DATA TO PROCESS:
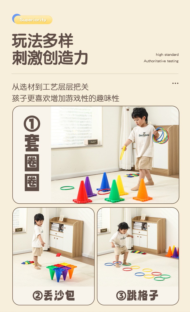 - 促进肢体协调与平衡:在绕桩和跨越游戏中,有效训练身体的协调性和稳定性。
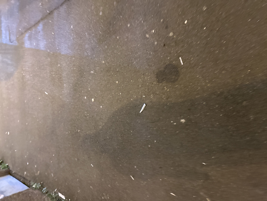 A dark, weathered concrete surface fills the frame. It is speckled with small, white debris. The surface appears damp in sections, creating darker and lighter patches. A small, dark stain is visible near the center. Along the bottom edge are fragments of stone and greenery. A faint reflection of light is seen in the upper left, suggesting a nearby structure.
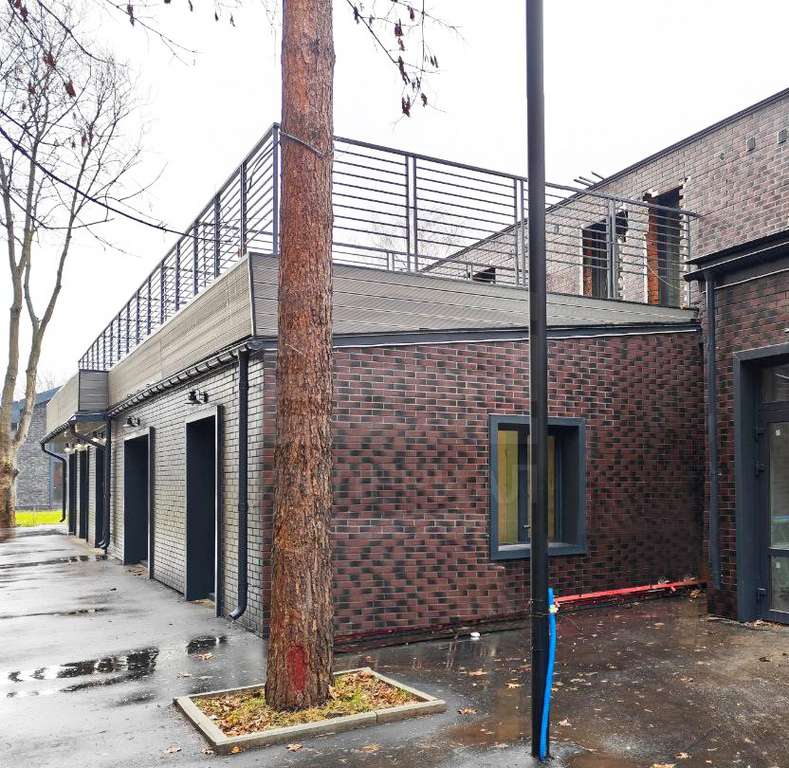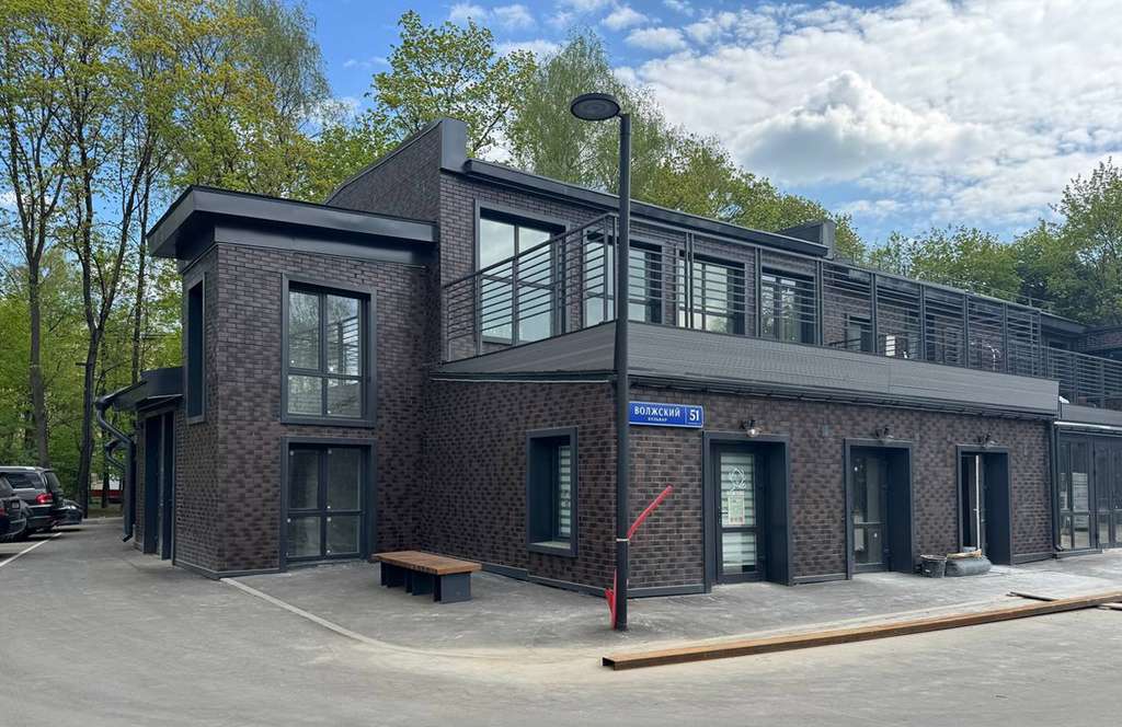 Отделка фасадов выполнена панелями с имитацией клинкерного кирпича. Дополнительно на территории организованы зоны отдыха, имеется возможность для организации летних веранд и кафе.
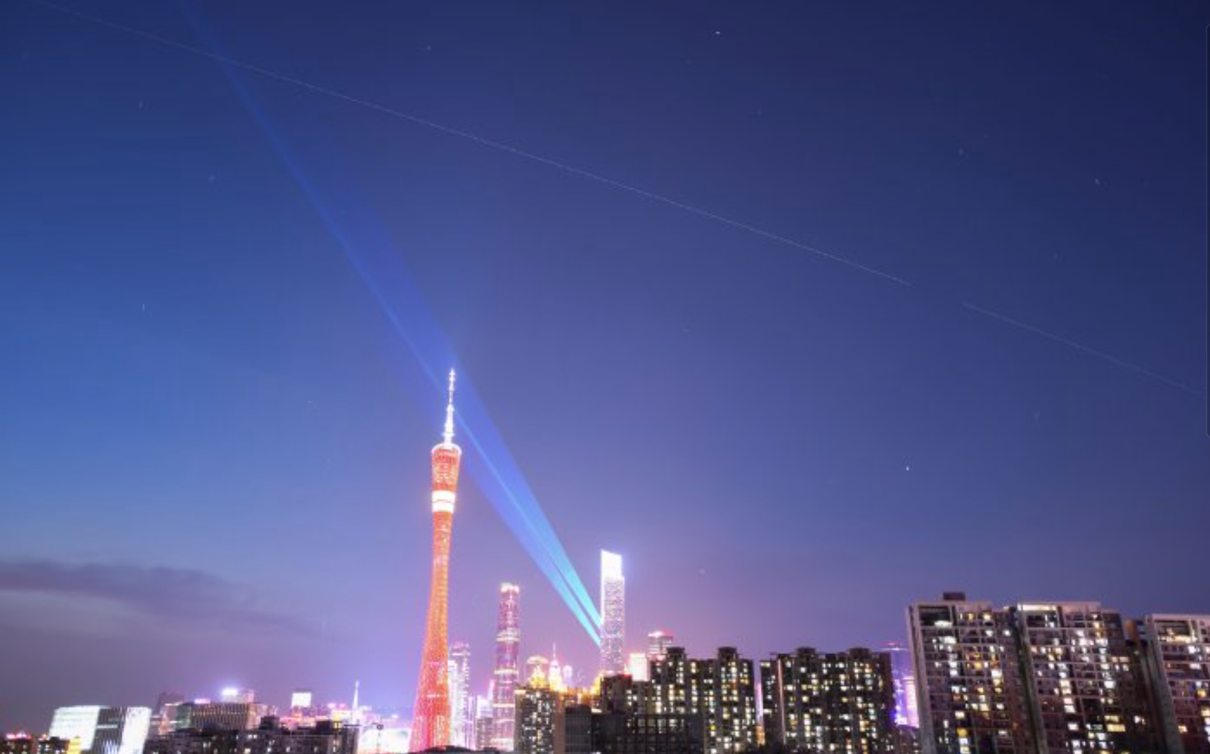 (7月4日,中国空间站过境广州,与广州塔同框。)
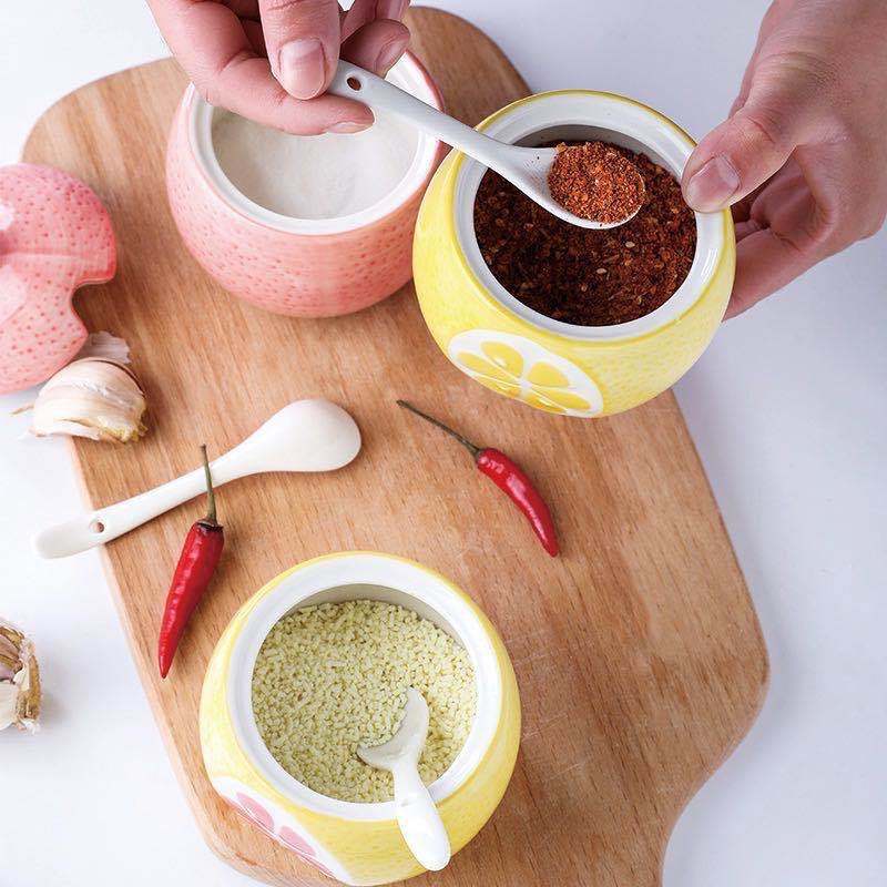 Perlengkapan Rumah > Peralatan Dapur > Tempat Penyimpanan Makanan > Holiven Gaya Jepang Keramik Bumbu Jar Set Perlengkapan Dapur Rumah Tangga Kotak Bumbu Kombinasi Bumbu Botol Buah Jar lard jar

YOUR INSTRUCTIONS: Would you please repeat each record exactly? Leave the pictures out.

SOLUTION FOR THIS EXERCISE:
 - 促进肢体协调与平衡:在绕桩和跨越游戏中,有效训练身体的协调性和稳定性。
 A dark, weathered concrete surface fills the frame. It is speckled with small, white debris. The surface appears damp in sections, creating darker and lighter patches. A small, dark stain is visible near the center. Along the bottom edge are fragments of stone and greenery. A faint reflection of light is seen in the upper left, suggesting a nearby structure.
 Отделка фасадов выполнена панелями с имитацией клинкерного кирпича. Дополнительно на территории организованы зоны отдыха, имеется возможность для организации летних веранд и кафе.
 (7月4日,中国空间站过境广州,与广州塔同框。)
 Perlengkapan Rumah > Peralatan Dapur > Tempat Penyimpanan Makanan > Holiven Gaya Jepang Keramik Bumbu Jar Set Perlengkapan Dapur Rumah Tangga Kotak Bumbu Kombinasi Bumbu Botol Buah Jar lard jar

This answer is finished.